Portanto, a alegoria que o diretor cria a partir da fatalidade do procedimento é a de se produzir pessoas afro-americanas destituídas da própria individualidade, possuídas por demônios brancos – aí está o horror! A pretensa admiração pelo corpo negro, por uma “carga genética superior” – expressão entre aspas justamente por ser extremamente problemática e por ser citada por um dos personagens – nada mais é do que uma ideologia racista que revela seu lado mais cruel à medida em que busca normatizar o sujeito negro aos moldes de comportamentos historicamente relacionados a uma “branquitude” de elite.

De novo, esse contraste cultural explorado por Peele não tem como objetivo retratar “diferenças inatas entre raças” – não! Essa seria uma visão muito reducionista! – mas, tem como objetivo o de provocar a reflexão de como o violento processo histórico cultural americano é o verdadeiro responsável em aprisionar corpos negros e “racializar” os que são oprimidos e que assim foram “racializados” devido ao horror do sistema escravocrata. Não podemos perder de vista a eloquente imagem que o filme nos traz do casarão no interior dos Estados Unidos, onde a família se reúne para leiloar o protagonista. Ora, essa imagem evoca um óbvio paralelismo ao sistema mercantil da escravidão, quando os latifundiários negociavam escravos.

Corra! surge como um filme de terror para demonstrar, a partir da ótica do indivíduo negro, quem são os verdadeiros “demônios” e “fantasmas” – insisto nesses termos por se tratar do gênero de terror – da história: a elite branca ressentida que, através de um pretenso discurso progressista, age de maneira a promover a manutenção do status quo escravocrata: usando todo o poder que dispõe para continuar a controlar e oprimir o indivíduo negro.

A força do filme está justamente na capacidade de apontar as contradições do discurso conciliador dessa classe branca, que admira o Obama, que enxerga no corpo negro uma suposta superioridade física e que sorri diante da ideia pacificadora da convivência entre brancos e negros na américa, mas que no fundo jamais foi capaz de superar efetivamente a mentalidade escravocrata.
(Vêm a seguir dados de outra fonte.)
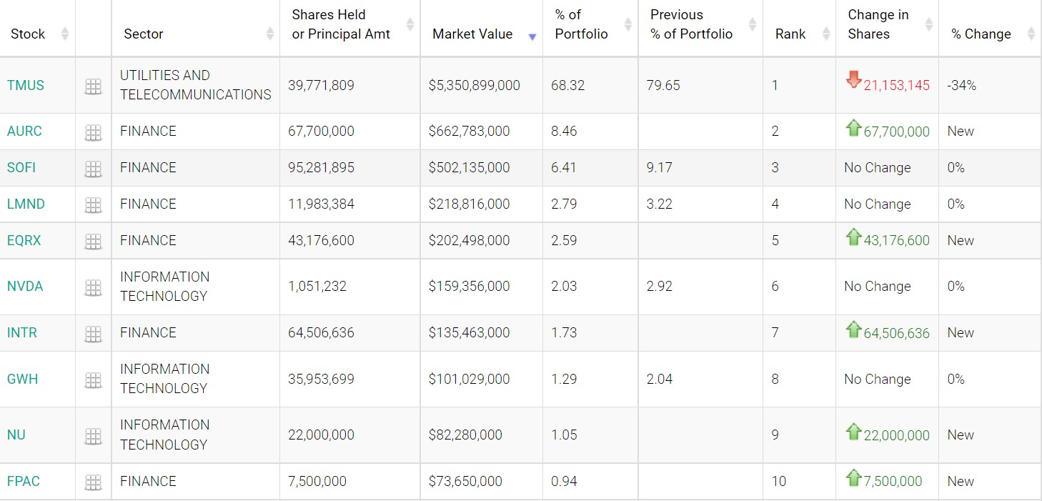 SoFi Technologies(SOFI.US)位列第三,持仓约9528万股,持仓市值约5.02亿美元,较上季度持仓数量没有变化,占投资组合比例为6.41%。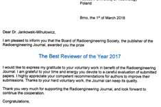 W dniu 9 lutego dr hab. inż. Piotr Jankowski-Mihułowicz, prof. PRz znalazł się w grupie sześciu osób uhonorowanych nagrodą Best Reviewer Award 2017, która została przyznana za jakość, szybkość i rzetelność pracy recenzenta w międzynarodowym czasopiśmie Radioengineering indeksowanym w Journal Citation Reports (Print ISSN: 1210-2512, On-line ISSN: 1805-9600).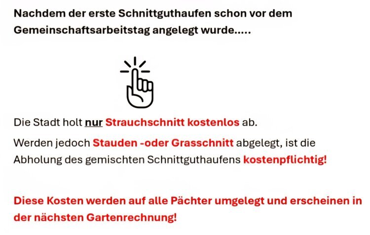Heute, am 05. April, haben wir unsere erste Gemeinschaftsarbeit in diesem Jahr mit den Pächtern der Gärten 51-100 durchgeführt. Ein riesiges Dankeschön an alle, die dabei waren – die Beteiligung war wirklich klasse! Wir freuen uns auch, dass ein paar unserer Fördermitglieder mit angepackt haben. Nach der Arbeit gab es wie gewohnt eine gemütliche Runde, in der wir uns bei Schweinebraten, Schnitzel oder Bärlauchpasta und Getränken über die neuesten Gartenprojekte in der "GartenOase" austauschen konnten. Es war ein schöner Tag, und wir freuen uns schon auf die nächsten Aktionen!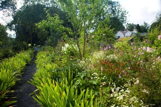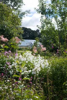 The garden is still evolving. But looking at lengthy summer borders, one with a hot colour scheme of scarlet punctuated with unusual varieties of medlar and in another with dark crimson dahlias interspersed with the aristocrats among French roses like ‘Mme Isaac Perreire,’ Comte de Chambord’, it is hard to believe that three years ago the only way into the garden was to crawl in on hands a knees. After undergrowth and saplings were cleared the grid of paths emerged and Angela retained the old fruit trees and a few samplings to give height and shelter.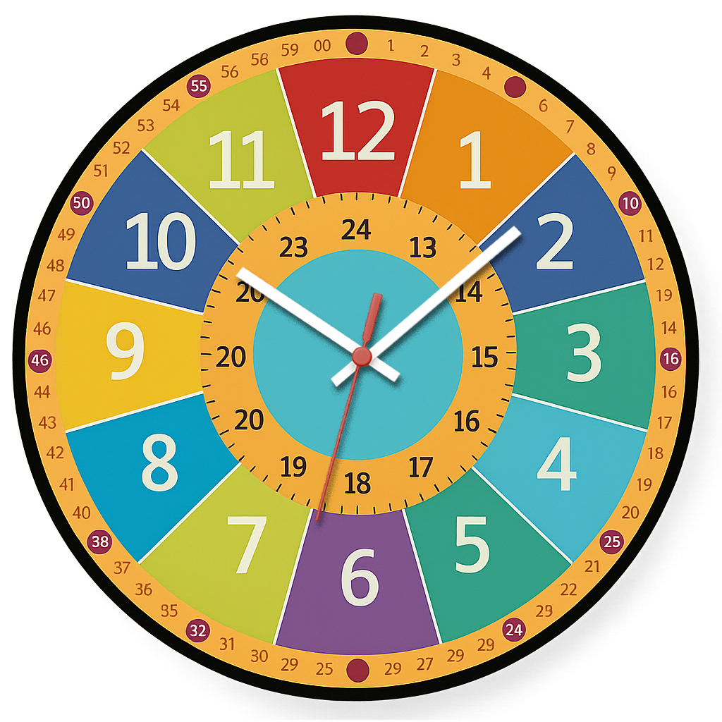 Relógio de Parede Matemática Relógio 24 Horas Colorido Educativo

O verdadeiro terror do filme é observarmos como todo o discurso tido como progressista, orgulhosamente proclamado pelos senhores brancos, nada mais é do que perfumaria para arrefecer as tensões históricas, nada mais é do que estratagema para cooptar os ideais libertários dos discursos das minorias e usá-los contra elas.

O filme nos chama atenção para estar sempre de olho nas pistas históricas e nas contradições políticas de nosso tempo, assim como nos discursos tidos como progressistas, afinal não é à toa que Barack Obama é repetidamente citado no filme: é inegável a força simbólica do primeiro presidente negro da história dos Estados Unidos, mas que do ponto de vista político e prático pareceu ter pouca força para mudar estruturas históricas realmente significativas – como exemplo a incapacidade de implementar um sistema único e gratuito de saúde na “grande nação do pioneirismo democrático”.

Não cabe ao presente artigo entrar nos pormenores políticos da era Obama, nem pretendo, com isso, desqualifica-lo, mas é preciso sempre lembrar que se a América teve Obama, ela também teve George Floyd e que não conseguiu ainda superar suas violências institucionais, seja na polícia, na política e na falta de um sistema mais igualitário e justo que ainda afeta majoritariamente a população negra americana. Corra! serve para nos lembrar o terror que é estar em pleno século XXI e ainda testemunhar os autointitulados grupos de supremacia branca sair às ruas para violentar negros, latinos e outras minorias ideológicas já tão historicamente oprimidas.